Был и другой способ выбора голящего: какая-нибудь девчонка — лицо постороннее, неподкупное, брала в одну руку белое стеклышко, в другую черное и ставила условие: кто отгадает руку с белым стеклышком — отходит в сторону, кому не повезло — становись вдругорядь.

Случалось, в игре набиралось душ до двадцати, и к рукам, твердо и загадочно сжатым, подходили по многу раз. С ужасом наблюдаешь, бывало — все меньше и меньше народу остается в строю. И наконец к заветной цели тащились два последних, разбитых, полумертвых человека. Они пытались улыбаться, заискивающе глядели на «полномошного человека», чтоб выборная девчушка качнула рукой с белым стеклышком, моргнула бы глазом или хоть мизинцем шевельнула, делая намек…

Мучительно вспоминали двое последних, какую и когда досаду они сделали выборному, какой урон ей нанесли, дразнились, может, гостинцем обделили?.. Прошлая жизнь за эти несколько шагов к заветной цели промелькнет перед мысленным взором, и выйдет, что была твоя жизнь сплошной ошибкой, и мучительно больно сделается за бесцельно прожитые дни, за недостойные дела, и думаешь, что если повезет — дальше жизнь свою направишь ты по прямому и честному пути!

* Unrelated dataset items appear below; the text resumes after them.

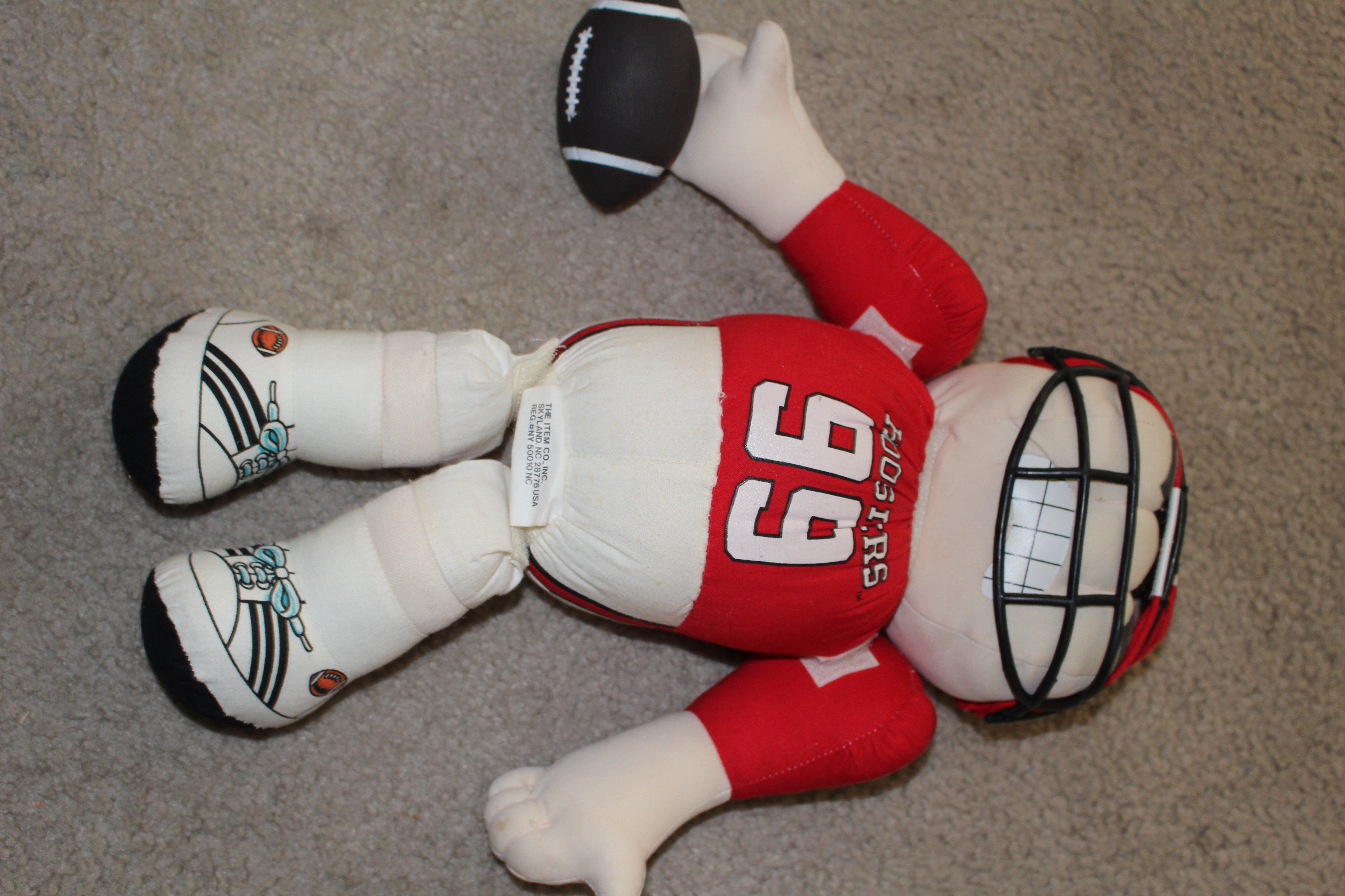 Indiana University Football Plush Doll. The arms and legs are attached with Velcro and can be removed.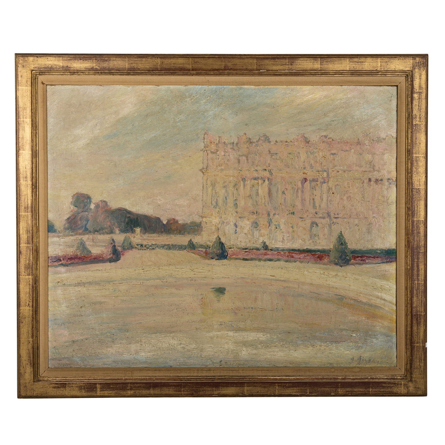 SEVEAU, GEORGES (French artist 19th/20th century), "Park von Versailles", view over the south parterre to the Corps de Logis, signed lower right, oil/canvas, hxw: approx. 73x90cm (88x104,5 cm with frame). Craquelure, paint loss and rubbing (stronger at upper margin), varnish yellowing. With frame (min. dam.).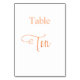 The table number is written with an elegant hand lettered style script. Rose gold letters, white background. This table number is also available in black.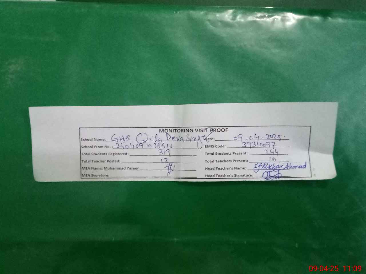 | EMIS Code: 39310097 | Name of School: GHS DEVA SINGH | |||
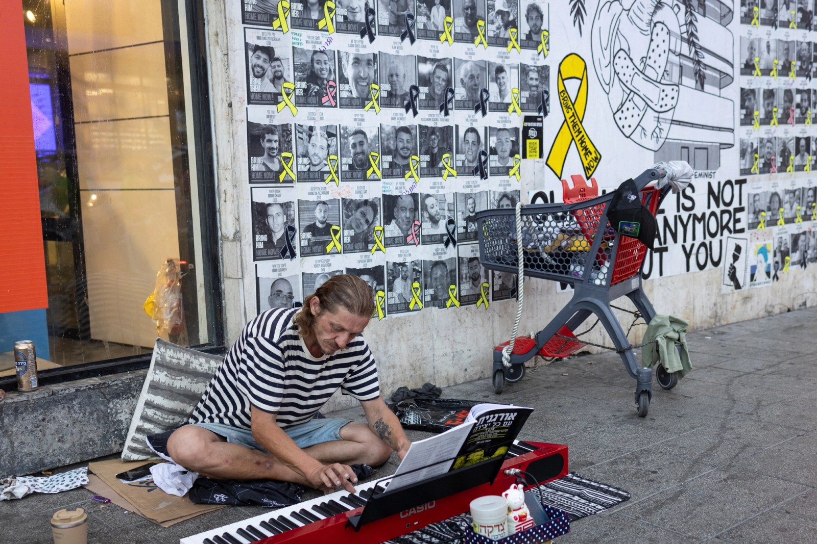 تصاویر گروگان‌های اسرائیلی در بند حماس در خیابانی در تل‌آویو، ۱۸ تیر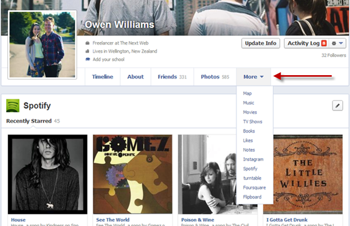 Bij de tab More heb je de keuze om je Spotify, Instagram, Flipboard of Foursquare account aan je Facebook profiel te koppelen. Zo zien je vrienden gelijk jouw nieuwste kiekjes, je favoriete playlist of waar je incheckt.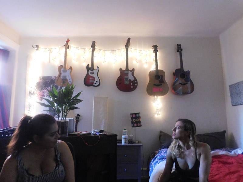 2:24 We move into Evan and Mason's room/practice space, hence the wall of guitars and literal piano near the window. The girls and I waste no time devouring Evan's breakfast: chicken sausage, sliced peaches, French toast and eggs on the way. "You know what’s really funny? Ev is a vegetarian," Mel says, but clearly one who can make a boss chicken sausage.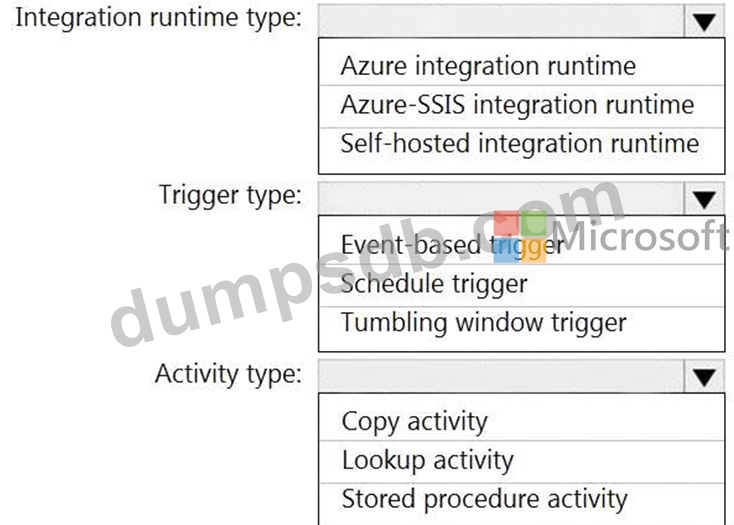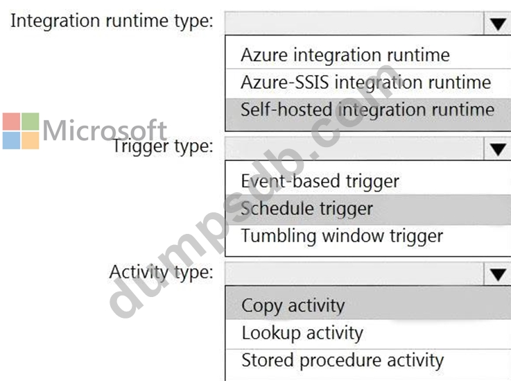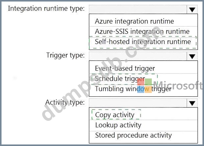 Which Azure Data Factory components should you recommend using together to import the daily inventory data from the SQL server to Azure Data Lake Storage? To answer, select the appropriate options in the answer area.

И прежде чем отгадывать стеклышко, молитву самодельную сотворишь, так как все наговоры и заговоры из головы вылетают. «Боженька, помоги мне…» А кругом злорадствует и торопит публика, уже пережившая свои страхи и желающая получить за это награду.

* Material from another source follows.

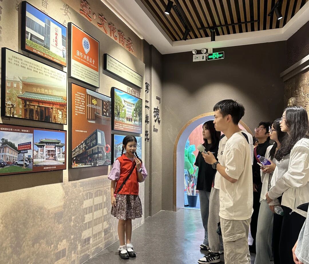 潮州牌坊街是承载潮汕千年历史文脉的标志性街区,古色古香的牌坊群与特色商铺相映成趣,既保留着地域文化的厚重底蕴,也涌动着当代生活的鲜活气息。活动中,同学们沿着青石板路漫步街区,在欣赏 “状元坊”“尚书坊”等历史牌坊建筑魅力的同时,重点关注红色文化在街区的鲜活表达。大家驻足观察各类商铺,从红色主题的文创产品、印有革命标语的传统手工艺品,到悬挂革命历史图片的潮汕茶肆、循环播放红色故事的非遗手作工坊,直观感受红色元素与商业经营、日常生活的深度融合。观察当代商家如何在经营中融入红色元素,让革命优良传统在与地域文化的碰撞中更贴近生活、深入人心。有同学感慨,这种“看得见、摸得着、能体验” 的红色文化传播方式,让革命精神不再是书本里的文字,而是能融入日常的精神养分,更易被青年群体接受和传承。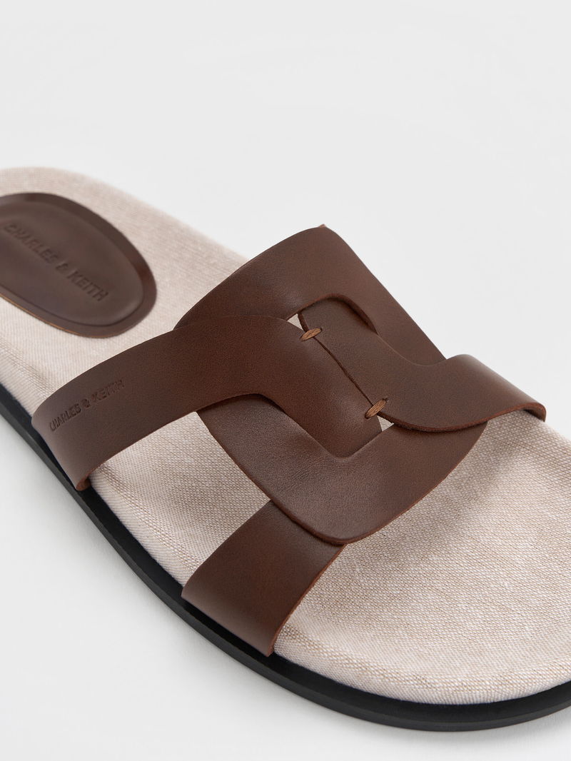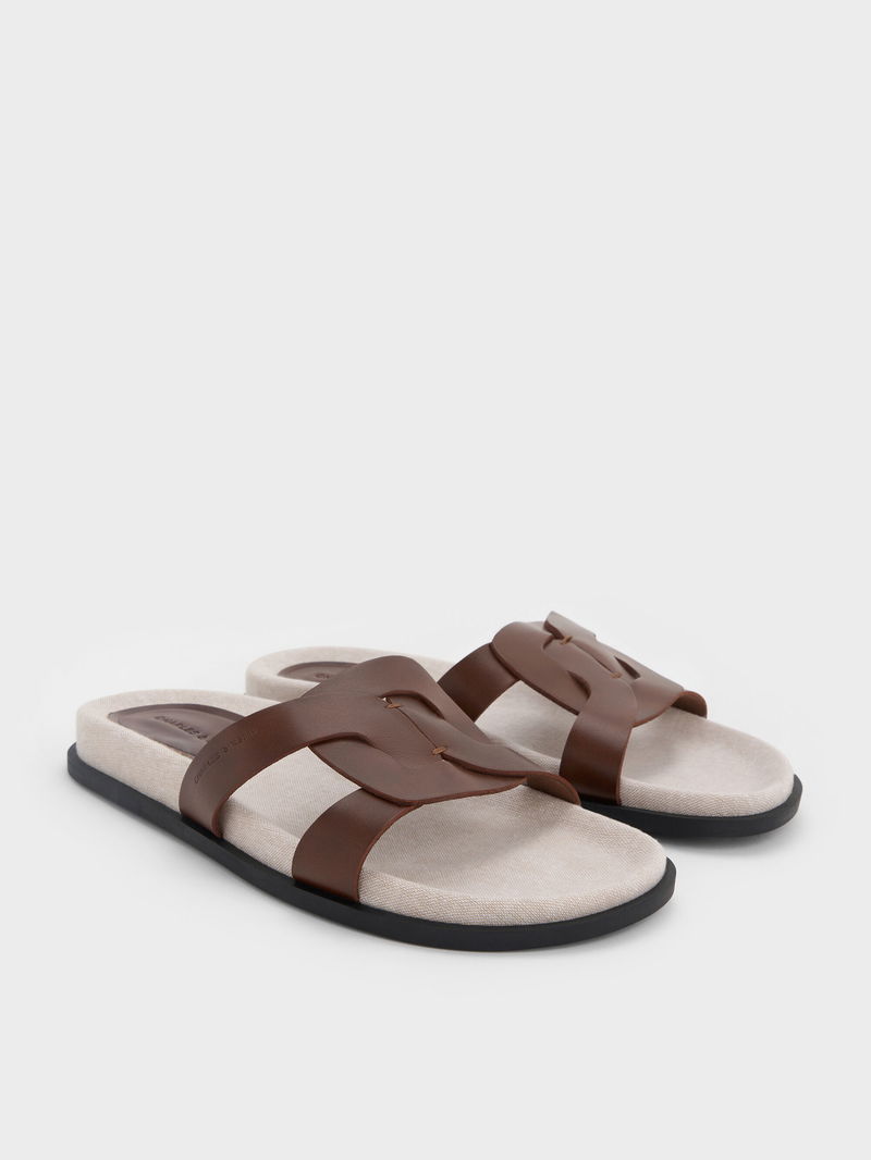 Fannie Linen Interwoven Cut-Out Slide Sandals

И вот одному из двоих открылось черное стеклышко. Вопль радости и торжества издавал шедший в паре счастливец. Он пускался в пляс, кувыркался, ходил по траве на руках, дразнил голящего, и без того уж убитого судьбою.

Начиналась игра.

Каждый из тех, кто удачлив в жизни, кто открыл ладонь с белым стеклышком, брал колотушку и бил разок по колу, бил, плюнув перед этим на ладони и яростно ахнув. Кол подавался в землю иногда сразу на несколько вершков, иногда чуть-чуть — это от ударов твоих закадычных друзей, тайно тебе сочувствующих.

Кол почти весь в земле, но впереди самое главное и страшное — матка — забойщик. На роль эту выбирали, как правило, самого сильного, самого злого и ехидного человека, навроде моего мучителя Саньки.

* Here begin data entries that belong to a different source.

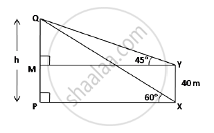 `tan45^@=(QM)/(MY)=>1=(h-40)/(PX) " ...."(MY=PX)`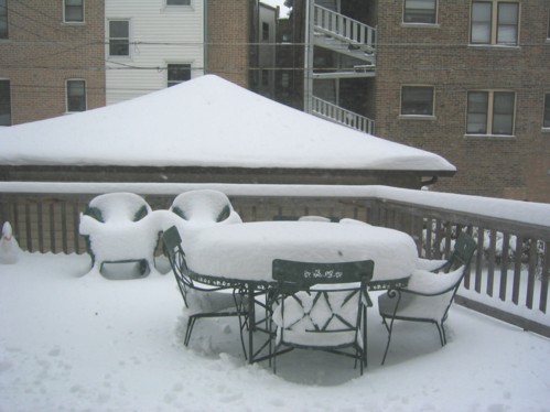 This is out the back window of my building. Look at how high the snow is on the table. Has to at least be a foot. I know there are areas where there is a lot more snow but try driving in this in city traffic during rush hour!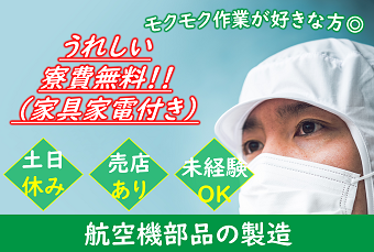 仕事内容 【寮費無料!】【駅チカ!】モクモク作業が好きな方におすすめ!やりがいのあるお仕事してみませんか?充実の研修制度があるので未経験でも安心◎ <仕事内容> 航空機部品を製造している工場での作業になります♪ 研修もあり、未経験でも問題ございません◎ 〇組立 ・穴あけ作業(エアドリル使用) ・組み立て後部品チェック 〇板金 ・機体ボディ部分のアルミ製部品をハンマーなどの各種工具を使い曲面を作っていく作業。 〇塗装 ・航空機に使われる部品を製品に合わせた色に塗装する作業。 手の平サイズの部品に対してスプレーガンを用いて吹付塗装を行います。 〇加工 ・小物エンジン部品の加工オペレーター 飛行機のジェットエンジン部品(手のひらサイズ)の加工オペレーターです。 マシンに部品をセットし、ボタンを押すだけのカンタン作業。 ※作業内容を選べます! 作業内容・部署によっては交替勤務になる場合がございます。 ライン作業となります。 立ち作業でのお仕事です。 クリーンルーム内作業となります。 個人作業・グループ作業どちらもございます。 《職場環境》 男性が多い職場です。 冷暖房完備です。 ロッカー有り|休憩室完備|売店有り アピールポイント <仕事内容> 航空機部品を製造している工場での作業になります♪ 研修もあり、未経験でも問題ございません◎ 〇組立 ・穴あけ作業(エアドリル使用) ・組み立て後部品チェック 〇板金 ・機体ボディ部分のアルミ製部品をハンマーなどの各種工具を使い曲面を作っていく作業。 〇塗装 ・航空機に使われる部品を製品に合わせた色に塗装する作業。 手の平サイズの部品に対してスプレーガンを用いて吹付塗装を行います。 〇加工 ・小物エンジン部品の加工オペレーター 飛行機のジェットエンジン部品(手のひらサイズ)の加工オペレーターです。 マシンに部品をセットし、ボタンを押すだけのカンタン作業。 ※作業内容を選べます! 作業内容・部署によっては交替勤務になる場合がございます。 ライン作業となります。 立ち作業でのお仕事です。 クリーンルーム内作業となります。 個人作業・グループ作業どちらもございます。 《職場環境》 男性が多い職場です。 冷暖房完備です。 ロッカー有り|休憩室完備|売店有り \充実した福利厚生/ ◎社会保険・雇用保険完備 ◎有給休暇有(6ヶ月経過後、10日付与)※規定あり ◎残業手当 ◎交通費支給(規定内) ◎確定拠出年金制度 ◎週払い制度(週3回対応) ◎お友達推薦制度あり(規定有り) ※1名につき3万円~10万円臨時給与として支給 ◎バイク通勤・自転車通勤可(無料駐輪場あり) ◎寮完備(寮費無料・家具家電付き) ◎制服貸与 ◎冷暖房完備 ◎社員食堂あり ◎食事持参可 ◎ロッカー・休憩室利用可 ◎売店あり ◎福利厚生プログラム (宿泊、グルメ、ショッピングなど大幅割引が受けられる10万アイテムのメニューがあります。)

Он наносил по колу столько ударов, сколько душ принимало участие в игре. Колотил неторопливо, с прибаутками: «Ах, мы колышек погладим, дураков землей накормим!..», «Коли, кол, дурака на три четвертака!», «Кол да матка — вся отгадка!», «Кол да свайка, возьми, дурак, отгадай-ка!..»

Игроки умные-разумные, дурак один, и все против него. Зажмурясь от потрясения, считал дурак удары и по их помягчелости разумел: кол уже вколочен в землю, но забойщик беспощадно лупит и лупит колотушкой, вгоняя дерево глубже и глубже в земные недра.

Правило: пока голящий выдергивал кол, все должны спрятаться. Выдернув, притыкает его в цельное место на полянке, ставит к нему колотушку и отправляется искать погубителей. Нашел — скорей к колу! Лупи теперь сам по нему колотушкой, кричи победно: «Гараська килантый за бревном! Гараська килантый за бревном!»

Но как далеко до победного удара!

Кол забит так, что и вершка нету, щепа, корье и те в землю втоптаны. Вытаскивай кол руками, зубами, чем хочешь из того, что на себе и в себе имеешь. Посторонние инструменты никакие не допускались, за всякую хлюзду, то есть если струсишь, домой сбежишь либо забунтуешь, предусмотрено наказание — катание на колу и колотушке. Возьмут тебя, милого, за ноги, за руки, положат спиной на кол и колотушку да как начнут катать — ни сесть потом, ни лечь — все кости болят, спина в занозах.

Но вот шильце к бильцу подползло — срывая ногти, проклиная судьбу и самого себя за то, что дома не сидится, за то, что суешься куда не следует, выколупываешь из земли кол, шатаешь его, тянешь, напрягаясь всеми жилами, а из жалицы, с крыш амбаров, из-под стаек и сараев несутся поощрительные крики, насмешки, улюлюканье.

Р-раз! — и все смолкло. Кол вытащен! Насторожен. Теперь любой из затаившихся огольцов может оказаться возле кола — надо только быть зорким, держать ухо востро! Стоит голящему отдалиться, как из засады вырывается ловкий, ушлый враг, хватает колотушку и вбивает кол до тех пор, пока ты не вернешься и не застукаешь его. Но такое удается редко. Очень редко. Чаще случается: вернешься, а кол снова забит по маковку и забивалы след простыл.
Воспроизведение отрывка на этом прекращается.